One of the few economists to call the housing collapse and subsequent credit crisis, Nouriel Roubini, wrote Sunday that “the worst is yet to come.” He reiterated the prediction of Princeton economist and New York Times economist, Paul Krugman, that we are in for a “jobless recovery.” The concern that they and others have is that, while the economic free-fall has been stopped, there is no obvious source for a recovery.

New construction, both residential and commercial, will be very slow in coming back. Consumer spending will remain weak with high unemployment and as people continue paying down debt and rebuild their savings. And the Federal stimulus spigot can’t remain open indefinitely. Many are predicting a “double-dip” recession, with another period of economic decline coming (including a drop in the stock market). There are still many banks and other businesses in very precarious condition. Some big dominoes could still topple. Double digit unemployment is likely to remain into 2011 (or even longer).
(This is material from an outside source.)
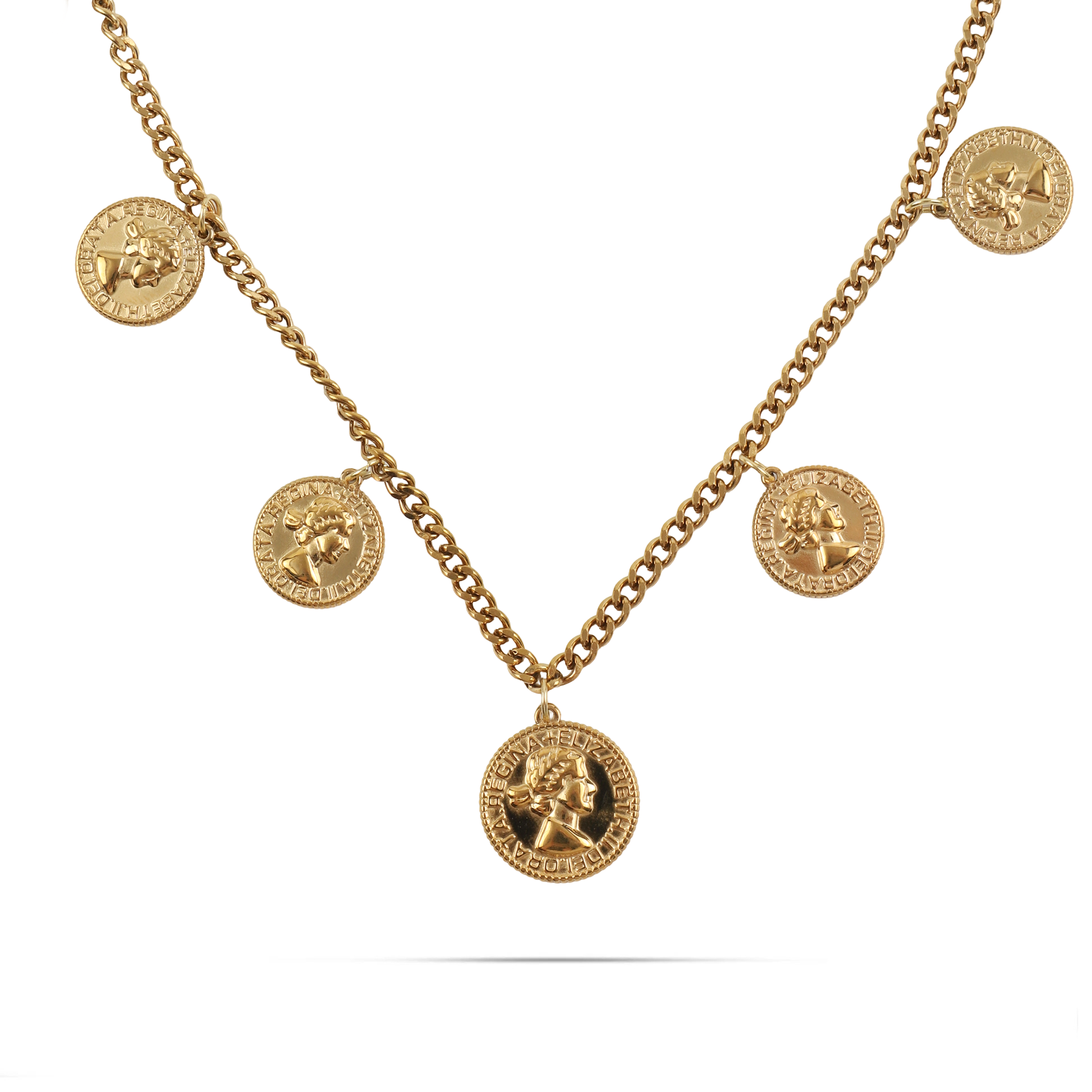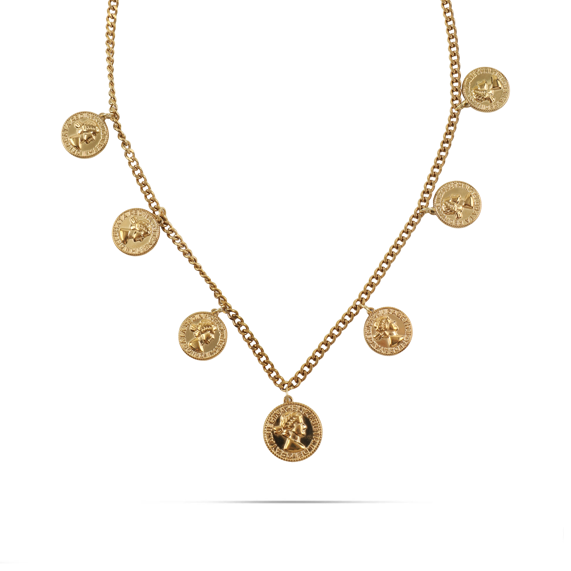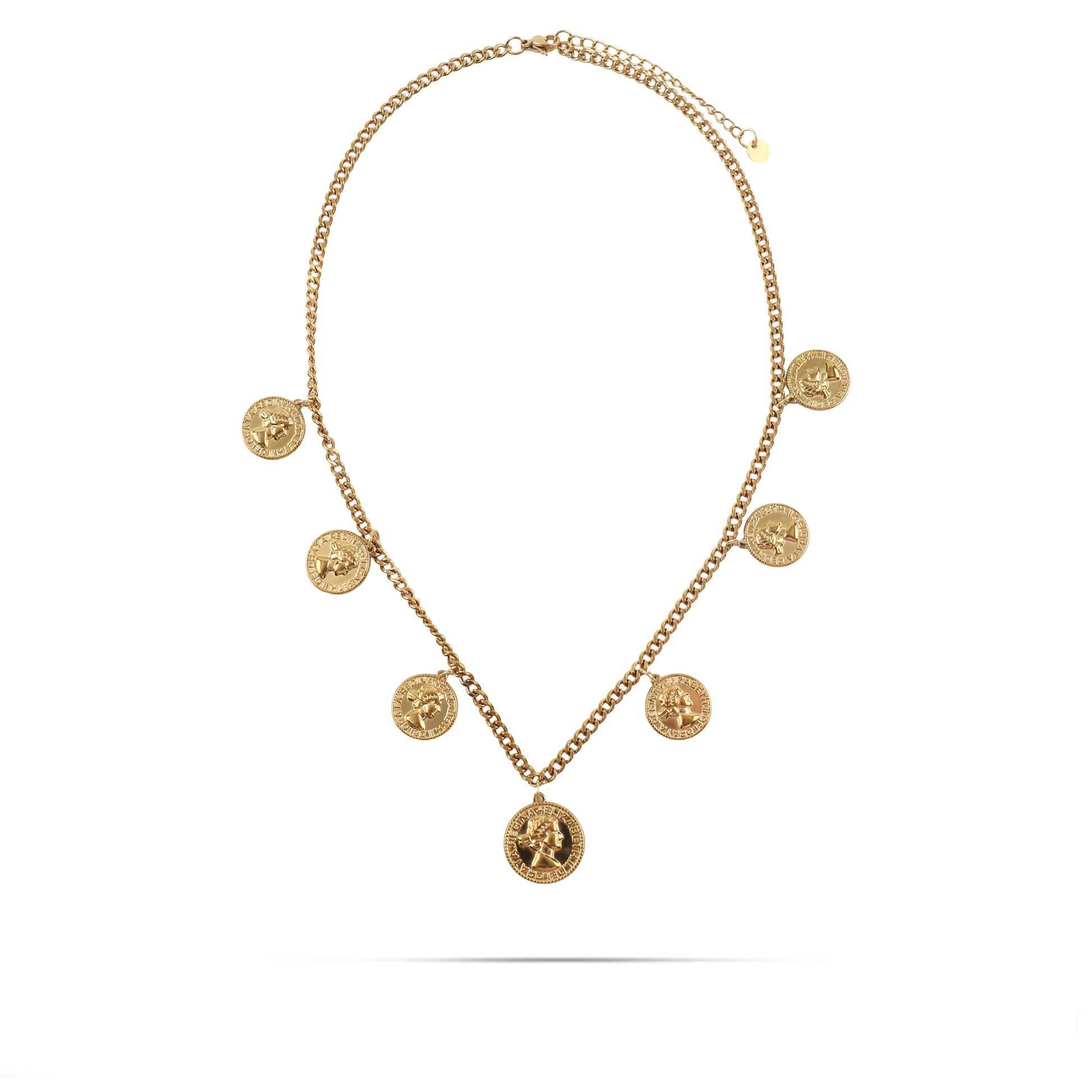 Το κολιέ Mar and Mar Imperia σε χρυσό χρώμα αποτελεί ένα κόσμημα με έντονο «heritage» χαρακτήρα, με τα επτά κρεμαστά φλουριά να δημιουργούν έναν επιβλητικό και διαχρονικό σχεδιασμό. Η κλασική αλυσίδα τύπου «gourmet» πλαισιώνει ιδανικά τα ανάγλυφα νομίσματα, προσφέροντας έναν αέρα αρχοντικής κομψότητας που παραπέμπει σε οικογενειακά κειμήλια. Κατασκευασμένο από υψηλής ποιότητας ανοξείδωτο ατσάλι για μέγιστη ανθεκτικότητα και αναλλοίωτη λάμψη, είναι η ιδανική επιλογή για να προσθέσετε έναν «royal-chic» χαρακτήρα σε κάθε σας εμφάνιση, από ένα απλό καθημερινό outfit μέχρι μια πιο επίσημη περίσταση. ✨

None of this, of course, bodes well for the many churches already under financial stress. National church bodies will almost certainly see their revenue continue to decline as congregations try to cover their own budget shortfalls. For the ELCA, I continue to believe that negative reaction to the August assembly is only a small part of its financial problems. While there may have been some improvement in income the past few years, I think that was largely due to our national false prosperity which has now deflated so dramatically. Membership decline has been reliably steady for thirty years so any financial improvement was sure to be temporary, if not illusory. It’s hard to see how further budget, program and staff cuts will be avoided.